## INFORMATION SUPPLIED
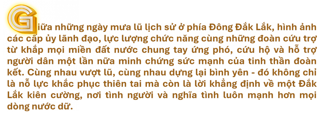 Những ngày mưa lũ lịch sử ở phía Đông Đắk Lắk đã để lại nhiều mất mát, nhưng cũng đồng thời khắc họa rõ nét tinh thần đoàn kết, trách nhiệm và nghĩa tình của cả hệ thống chính trị, lực lượng chức năng và nhân dân cả nước. Từ những chỉ đạo nóng tại tâm lũ, đến những chuyến chi viện kịp thời từ các địa phương, từng hành động, từng món quà đều là minh chứng sống động cho sức mạnh của sự đồng lòng và nghĩa tình.
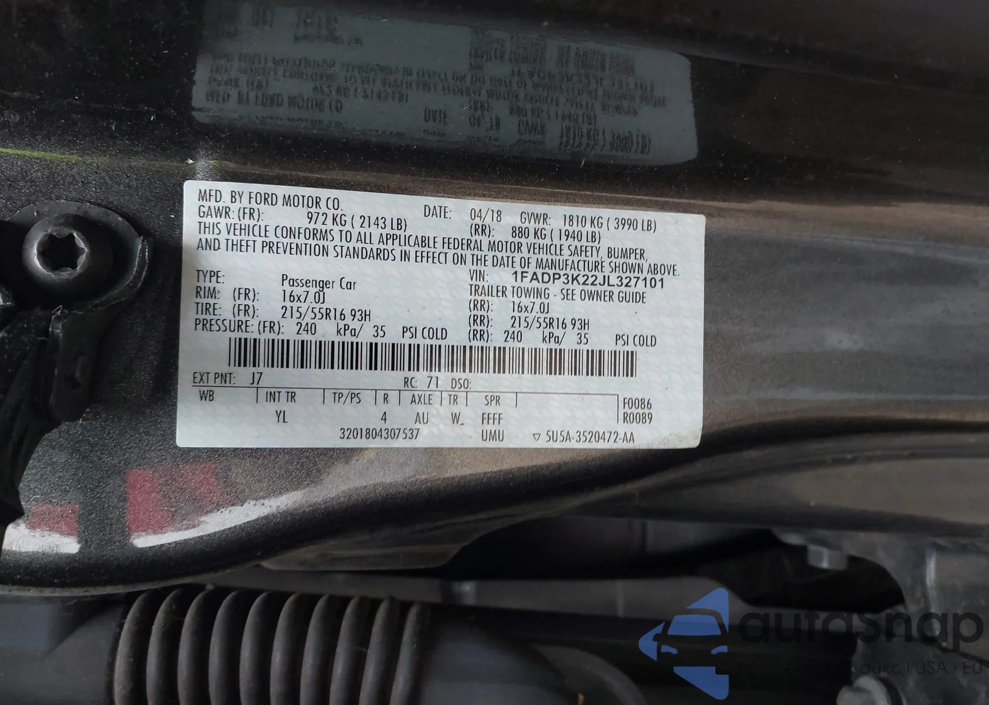 LOT: 43754317 VIN: 1FADP3K22JL327101
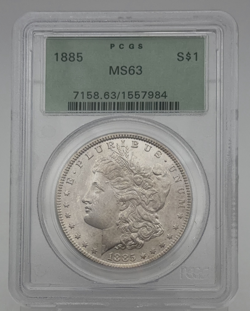 This listing features a 1885 Morgan Silver Dollar graded MS63 by PCGS.
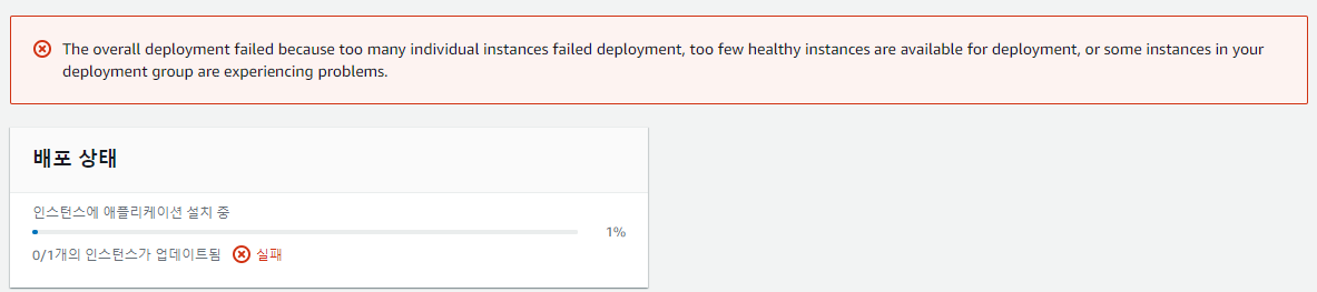 [AWS] The overall deployment failed because too many individual instances failed deployment, too few healthy instances are available for deployment, or some instances in your deployment group are experiencing problems. 본문

## PROBLEM DETAILS
Everything from the line containing "LOT: 43754317 VIN: 1FADP3K22JL327101" through the final line of the material must be set down exactly, except the pictures.

## EXERCISE ANSWER
 LOT: 43754317 VIN: 1FADP3K22JL327101
 This listing features a 1885 Morgan Silver Dollar graded MS63 by PCGS.
 [AWS] The overall deployment failed because too many individual instances failed deployment, too few healthy instances are available for deployment, or some instances in your deployment group are experiencing problems. 본문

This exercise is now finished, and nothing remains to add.